En un an, le nombre de rendez-vous pris en ligne est passé de 145 500 à plus de 325 000 et le nombre de comptes d'utilisateur a augmenté de plus de 208 000. Autre fait digne de mention : la Société canadienne du sang est devenue le premier fournisseur de sang national à offrir les services d’un assistant virtuel, une application intelligente qui répond aux demandes et aux commentaires des utilisateurs. Ce type de service, particulièrement apprécié des jeunes candidats au don — la clé de notre avenir —, libère les employés du centre d’appels, qui peuvent ainsi se concentrer sur les demandes nécessitant une discussion de vive voix.

Notre banque d’adresses de courriel contient un quart de millions d’adresses, et le nombre de donneurs qui préfèrent communiquer par courriel ne cesse d’augmenter. Parallèlement, les réseaux sociaux jouent un rôle de plus en plus important dans l’engagement des donneurs. Notre page Facebook nationale compte plus de 100 000 abonnés, notre fil Twitter, environ 60 000, et nous sondons le terrain d’Instagram et d’autres canaux pour voir ce qui interpelle le plus les donneurs actuels et potentiels. Nous continuerons d’améliorer notre offre numérique au cours de l’année qui vient afin que les donneurs puissent interagir avec nous par leur mode de communication préféré.

Campagne de recrutement en ligne

En août 2016, la Société canadienne du sang et une vingtaine de fournisseurs de sang de 21 pays ont participé à la campagne internationale de recrutement de donneurs Groupe manquant. La campagne en ligne montrait des logos célèbres et des enseignes de tous les jours sans les lettres A, B et O, lettres désignant les trois principaux groupes sanguins. À la fin du mois, 6 500 personnes s’étaient inscrites sur le site canadien de la campagne, qui est ainsi devenu une mine de donneurs potentiels pour nos activités de recrutement.

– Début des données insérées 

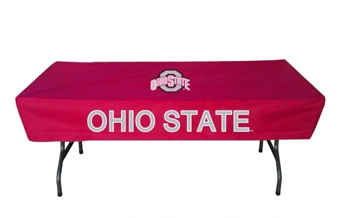 Whether its a tailgate, graduation party, or picnic, the Ohio State Buckeyes 6′ Table Cover will come in handy. Constructed of durable polyester fabric, this cover is designed to last, and fits standard +72″ x 30″ tables. The team colored cover is decorated with team logos on all four sides and the top. With its 12″ overhang, this college table cover will make a simple folding table look much more attractive!
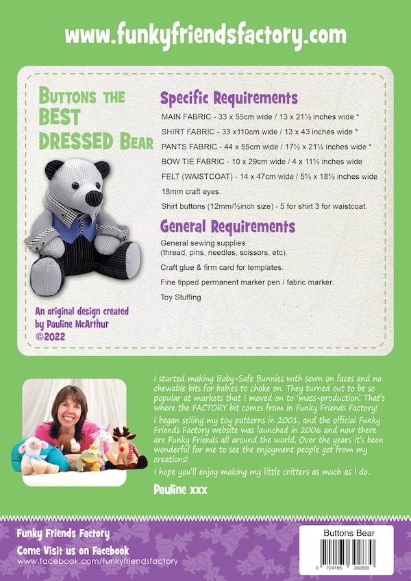 This non-jointed teddy bear features built-in shirt and trousers details plus a felt waistcoat, designed either for making a memory bear from pre-loved clothing, or for using new fabrics with collar, cuffs and bow tie pieces included.

Un réseau de collecte en évolution

Nos stratégies mobiles et en ligne visent un même but : attirer plus de gens dans nos centres de collecte. Nous adaptons notre présence dans le monde virtuel, mais aussi dans le monde réel. Par exemple, nous accordons plus d’importance aux centres de collecte des régions métropolitaines et améliorons l’accès et les heures d’ouverture des centres situés dans des régions à fortes concentrations de donneurs potentiels. Les centres urbains offrent au personnel l’avantage d’horaires plus stables et permettent de fournir aux donneurs un service efficace à un coût de main–d’œuvre par unité proportionnellement plus faible. L’emplacement des centres de collecte est donc un facteur important de notre stratégie pour mieux nous adapter et améliorer notre rendement, mais ce n’est pas le seul. Le passage au numérique de notre environnement de collecte est tout aussi crucial. Ce dernier facteur s’inscrit d’ailleurs dans notre projet d’automatisation de la chaîne d’approvisionnement.

À l’écoute des communautés

Nous poursuivons notre révision des critères d’admissibilité des hommes ayant des relations sexuelles avec d’autres hommes (HARSAH) et sommes en train d’établir des critères pour les personnes trans. Ce faisant, nous devons arriver à un équilibre entre les données d’études sur la sécurité du sang et le dialogue avec les communautés concernées. Il est important pour nous de servir les intérêts de tous les Canadiens, tout en étant sensibles à l’évolution du contexte social.

HARSAH : des efforts pour accélérer les progrès

En août 2016, Santé Canada a approuvé notre demande de faire passer de cinq ans à un an la période de non-admissibilité des hommes ayant des relations sexuelles avec d’autres hommes. Ce changement s’inscrit en fait dans un long cheminement. Tout a débuté au milieu des années 80, lorsqu’il a été établi que les dons de sang de personnes infectées par le virus de l’immunodéficience humaine (VIH) pouvaient poser un risque pour le système du sang. À partir de ce moment, et jusqu’en 2013, un homme ayant eu un contact sexuel avec un autre homme était exclu du don de sang indéfiniment. En 2013, cette exclusion permanente a été réduite à une période de cinq ans suivant le dernier contact sexuel avec un autre homme. Malgré ces changements, bien des membres de la communauté LGBTQ estiment que les progrès sont trop lents.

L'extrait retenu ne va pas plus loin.